Stored dataset items
##############################

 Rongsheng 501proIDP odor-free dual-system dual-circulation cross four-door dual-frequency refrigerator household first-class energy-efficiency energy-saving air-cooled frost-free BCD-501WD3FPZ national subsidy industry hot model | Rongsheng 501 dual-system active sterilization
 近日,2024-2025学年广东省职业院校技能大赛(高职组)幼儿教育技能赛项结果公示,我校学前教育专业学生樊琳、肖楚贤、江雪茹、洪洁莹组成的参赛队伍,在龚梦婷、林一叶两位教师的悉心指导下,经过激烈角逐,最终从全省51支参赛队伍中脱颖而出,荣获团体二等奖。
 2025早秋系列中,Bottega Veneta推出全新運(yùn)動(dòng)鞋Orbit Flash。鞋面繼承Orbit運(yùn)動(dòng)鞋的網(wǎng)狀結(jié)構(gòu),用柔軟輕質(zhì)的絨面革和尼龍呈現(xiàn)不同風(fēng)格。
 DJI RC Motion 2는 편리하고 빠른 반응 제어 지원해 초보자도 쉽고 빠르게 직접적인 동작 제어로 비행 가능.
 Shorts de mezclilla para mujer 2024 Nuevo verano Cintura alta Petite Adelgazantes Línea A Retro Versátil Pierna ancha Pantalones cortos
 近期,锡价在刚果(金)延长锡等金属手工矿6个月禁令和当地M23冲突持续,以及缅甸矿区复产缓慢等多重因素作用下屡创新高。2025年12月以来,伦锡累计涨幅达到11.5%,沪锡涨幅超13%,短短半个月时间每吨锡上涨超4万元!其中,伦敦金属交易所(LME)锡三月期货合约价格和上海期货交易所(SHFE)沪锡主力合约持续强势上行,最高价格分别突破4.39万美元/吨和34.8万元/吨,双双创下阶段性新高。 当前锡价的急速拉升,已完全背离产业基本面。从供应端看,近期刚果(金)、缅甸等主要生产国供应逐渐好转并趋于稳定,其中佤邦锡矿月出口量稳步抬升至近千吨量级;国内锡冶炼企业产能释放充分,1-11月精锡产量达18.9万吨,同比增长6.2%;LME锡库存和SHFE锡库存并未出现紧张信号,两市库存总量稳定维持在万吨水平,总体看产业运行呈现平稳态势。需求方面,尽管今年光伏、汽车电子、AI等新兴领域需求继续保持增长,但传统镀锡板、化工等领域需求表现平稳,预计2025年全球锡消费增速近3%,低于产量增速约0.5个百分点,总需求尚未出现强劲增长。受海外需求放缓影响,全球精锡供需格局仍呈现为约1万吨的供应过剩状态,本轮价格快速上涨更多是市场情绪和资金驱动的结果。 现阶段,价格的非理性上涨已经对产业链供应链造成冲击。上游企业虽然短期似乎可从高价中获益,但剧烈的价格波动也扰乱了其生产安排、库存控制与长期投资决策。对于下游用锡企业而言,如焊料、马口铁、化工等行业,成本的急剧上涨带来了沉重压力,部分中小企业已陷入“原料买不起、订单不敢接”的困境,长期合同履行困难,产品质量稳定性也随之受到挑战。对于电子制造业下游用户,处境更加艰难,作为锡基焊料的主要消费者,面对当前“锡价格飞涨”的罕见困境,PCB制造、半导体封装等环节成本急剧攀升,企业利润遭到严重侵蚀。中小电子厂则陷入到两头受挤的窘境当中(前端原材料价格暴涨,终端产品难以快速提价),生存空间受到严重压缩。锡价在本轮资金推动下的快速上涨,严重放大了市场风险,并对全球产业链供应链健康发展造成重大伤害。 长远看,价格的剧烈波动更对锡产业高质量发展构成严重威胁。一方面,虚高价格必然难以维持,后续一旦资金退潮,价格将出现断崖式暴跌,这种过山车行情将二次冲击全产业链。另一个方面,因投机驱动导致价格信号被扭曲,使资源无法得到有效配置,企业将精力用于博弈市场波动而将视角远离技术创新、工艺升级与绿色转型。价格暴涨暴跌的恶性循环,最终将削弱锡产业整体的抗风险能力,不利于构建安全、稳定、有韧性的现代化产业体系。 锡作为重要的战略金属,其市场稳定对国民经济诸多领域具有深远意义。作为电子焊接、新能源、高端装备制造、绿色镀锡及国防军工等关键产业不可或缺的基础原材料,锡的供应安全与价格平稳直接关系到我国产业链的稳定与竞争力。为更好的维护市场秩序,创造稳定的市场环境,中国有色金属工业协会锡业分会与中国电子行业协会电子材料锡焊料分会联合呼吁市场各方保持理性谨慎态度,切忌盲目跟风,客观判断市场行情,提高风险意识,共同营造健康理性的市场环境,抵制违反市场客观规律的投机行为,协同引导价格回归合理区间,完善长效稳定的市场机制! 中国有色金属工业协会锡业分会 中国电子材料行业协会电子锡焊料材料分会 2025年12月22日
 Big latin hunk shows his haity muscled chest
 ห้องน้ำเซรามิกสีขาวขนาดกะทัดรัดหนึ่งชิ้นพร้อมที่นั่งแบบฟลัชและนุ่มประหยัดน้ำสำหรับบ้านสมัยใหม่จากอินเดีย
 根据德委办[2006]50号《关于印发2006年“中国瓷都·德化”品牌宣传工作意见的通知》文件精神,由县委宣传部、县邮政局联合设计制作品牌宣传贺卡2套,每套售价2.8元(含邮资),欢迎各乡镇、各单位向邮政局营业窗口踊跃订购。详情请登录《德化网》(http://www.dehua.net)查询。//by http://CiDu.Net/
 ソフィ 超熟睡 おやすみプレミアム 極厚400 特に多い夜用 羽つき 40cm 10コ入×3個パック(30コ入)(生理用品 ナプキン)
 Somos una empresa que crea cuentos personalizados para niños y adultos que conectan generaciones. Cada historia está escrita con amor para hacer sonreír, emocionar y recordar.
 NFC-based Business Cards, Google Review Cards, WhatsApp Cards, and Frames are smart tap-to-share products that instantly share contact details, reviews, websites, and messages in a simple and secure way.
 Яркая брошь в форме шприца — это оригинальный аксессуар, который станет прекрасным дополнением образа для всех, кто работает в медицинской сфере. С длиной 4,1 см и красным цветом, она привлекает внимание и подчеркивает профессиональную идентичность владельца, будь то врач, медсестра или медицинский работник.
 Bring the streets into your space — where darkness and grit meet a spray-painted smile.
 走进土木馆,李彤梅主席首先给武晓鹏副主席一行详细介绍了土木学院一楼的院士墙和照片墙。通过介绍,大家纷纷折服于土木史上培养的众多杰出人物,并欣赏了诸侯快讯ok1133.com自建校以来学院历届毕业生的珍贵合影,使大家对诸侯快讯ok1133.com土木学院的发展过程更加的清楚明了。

##############################

**Requirement**. In full and exactly as written, reproduce the records above.

**Response**.
 Rongsheng 501proIDP odor-free dual-system dual-circulation cross four-door dual-frequency refrigerator household first-class energy-efficiency energy-saving air-cooled frost-free BCD-501WD3FPZ national subsidy industry hot model | Rongsheng 501 dual-system active sterilization
 近日,2024-2025学年广东省职业院校技能大赛(高职组)幼儿教育技能赛项结果公示,我校学前教育专业学生樊琳、肖楚贤、江雪茹、洪洁莹组成的参赛队伍,在龚梦婷、林一叶两位教师的悉心指导下,经过激烈角逐,最终从全省51支参赛队伍中脱颖而出,荣获团体二等奖。
 2025早秋系列中,Bottega Veneta推出全新運(yùn)動(dòng)鞋Orbit Flash。鞋面繼承Orbit運(yùn)動(dòng)鞋的網(wǎng)狀結(jié)構(gòu),用柔軟輕質(zhì)的絨面革和尼龍呈現(xiàn)不同風(fēng)格。
 DJI RC Motion 2는 편리하고 빠른 반응 제어 지원해 초보자도 쉽고 빠르게 직접적인 동작 제어로 비행 가능.
 Shorts de mezclilla para mujer 2024 Nuevo verano Cintura alta Petite Adelgazantes Línea A Retro Versátil Pierna ancha Pantalones cortos
 近期,锡价在刚果(金)延长锡等金属手工矿6个月禁令和当地M23冲突持续,以及缅甸矿区复产缓慢等多重因素作用下屡创新高。2025年12月以来,伦锡累计涨幅达到11.5%,沪锡涨幅超13%,短短半个月时间每吨锡上涨超4万元!其中,伦敦金属交易所(LME)锡三月期货合约价格和上海期货交易所(SHFE)沪锡主力合约持续强势上行,最高价格分别突破4.39万美元/吨和34.8万元/吨,双双创下阶段性新高。 当前锡价的急速拉升,已完全背离产业基本面。从供应端看,近期刚果(金)、缅甸等主要生产国供应逐渐好转并趋于稳定,其中佤邦锡矿月出口量稳步抬升至近千吨量级;国内锡冶炼企业产能释放充分,1-11月精锡产量达18.9万吨,同比增长6.2%;LME锡库存和SHFE锡库存并未出现紧张信号,两市库存总量稳定维持在万吨水平,总体看产业运行呈现平稳态势。需求方面,尽管今年光伏、汽车电子、AI等新兴领域需求继续保持增长,但传统镀锡板、化工等领域需求表现平稳,预计2025年全球锡消费增速近3%,低于产量增速约0.5个百分点,总需求尚未出现强劲增长。受海外需求放缓影响,全球精锡供需格局仍呈现为约1万吨的供应过剩状态,本轮价格快速上涨更多是市场情绪和资金驱动的结果。 现阶段,价格的非理性上涨已经对产业链供应链造成冲击。上游企业虽然短期似乎可从高价中获益,但剧烈的价格波动也扰乱了其生产安排、库存控制与长期投资决策。对于下游用锡企业而言,如焊料、马口铁、化工等行业,成本的急剧上涨带来了沉重压力,部分中小企业已陷入“原料买不起、订单不敢接”的困境,长期合同履行困难,产品质量稳定性也随之受到挑战。对于电子制造业下游用户,处境更加艰难,作为锡基焊料的主要消费者,面对当前“锡价格飞涨”的罕见困境,PCB制造、半导体封装等环节成本急剧攀升,企业利润遭到严重侵蚀。中小电子厂则陷入到两头受挤的窘境当中(前端原材料价格暴涨,终端产品难以快速提价),生存空间受到严重压缩。锡价在本轮资金推动下的快速上涨,严重放大了市场风险,并对全球产业链供应链健康发展造成重大伤害。 长远看,价格的剧烈波动更对锡产业高质量发展构成严重威胁。一方面,虚高价格必然难以维持,后续一旦资金退潮,价格将出现断崖式暴跌,这种过山车行情将二次冲击全产业链。另一个方面,因投机驱动导致价格信号被扭曲,使资源无法得到有效配置,企业将精力用于博弈市场波动而将视角远离技术创新、工艺升级与绿色转型。价格暴涨暴跌的恶性循环,最终将削弱锡产业整体的抗风险能力,不利于构建安全、稳定、有韧性的现代化产业体系。 锡作为重要的战略金属,其市场稳定对国民经济诸多领域具有深远意义。作为电子焊接、新能源、高端装备制造、绿色镀锡及国防军工等关键产业不可或缺的基础原材料,锡的供应安全与价格平稳直接关系到我国产业链的稳定与竞争力。为更好的维护市场秩序,创造稳定的市场环境,中国有色金属工业协会锡业分会与中国电子行业协会电子材料锡焊料分会联合呼吁市场各方保持理性谨慎态度,切忌盲目跟风,客观判断市场行情,提高风险意识,共同营造健康理性的市场环境,抵制违反市场客观规律的投机行为,协同引导价格回归合理区间,完善长效稳定的市场机制! 中国有色金属工业协会锡业分会 中国电子材料行业协会电子锡焊料材料分会 2025年12月22日
 Big latin hunk shows his haity muscled chest
 ห้องน้ำเซรามิกสีขาวขนาดกะทัดรัดหนึ่งชิ้นพร้อมที่นั่งแบบฟลัชและนุ่มประหยัดน้ำสำหรับบ้านสมัยใหม่จากอินเดีย
 根据德委办[2006]50号《关于印发2006年“中国瓷都·德化”品牌宣传工作意见的通知》文件精神,由县委宣传部、县邮政局联合设计制作品牌宣传贺卡2套,每套售价2.8元(含邮资),欢迎各乡镇、各单位向邮政局营业窗口踊跃订购。详情请登录《德化网》(http://www.dehua.net)查询。//by http://CiDu.Net/
 ソフィ 超熟睡 おやすみプレミアム 極厚400 特に多い夜用 羽つき 40cm 10コ入×3個パック(30コ入)(生理用品 ナプキン)
 Somos una empresa que crea cuentos personalizados para niños y adultos que conectan generaciones. Cada historia está escrita con amor para hacer sonreír, emocionar y recordar.
 NFC-based Business Cards, Google Review Cards, WhatsApp Cards, and Frames are smart tap-to-share products that instantly share contact details, reviews, websites, and messages in a simple and secure way.
 Яркая брошь в форме шприца — это оригинальный аксессуар, который станет прекрасным дополнением образа для всех, кто работает в медицинской сфере. С длиной 4,1 см и красным цветом, она привлекает внимание и подчеркивает профессиональную идентичность владельца, будь то врач, медсестра или медицинский работник.
 Bring the streets into your space — where darkness and grit meet a spray-painted smile.
 走进土木馆,李彤梅主席首先给武晓鹏副主席一行详细介绍了土木学院一楼的院士墙和照片墙。通过介绍,大家纷纷折服于土木史上培养的众多杰出人物,并欣赏了诸侯快讯ok1133.com自建校以来学院历届毕业生的珍贵合影,使大家对诸侯快讯ok1133.com土木学院的发展过程更加的清楚明了。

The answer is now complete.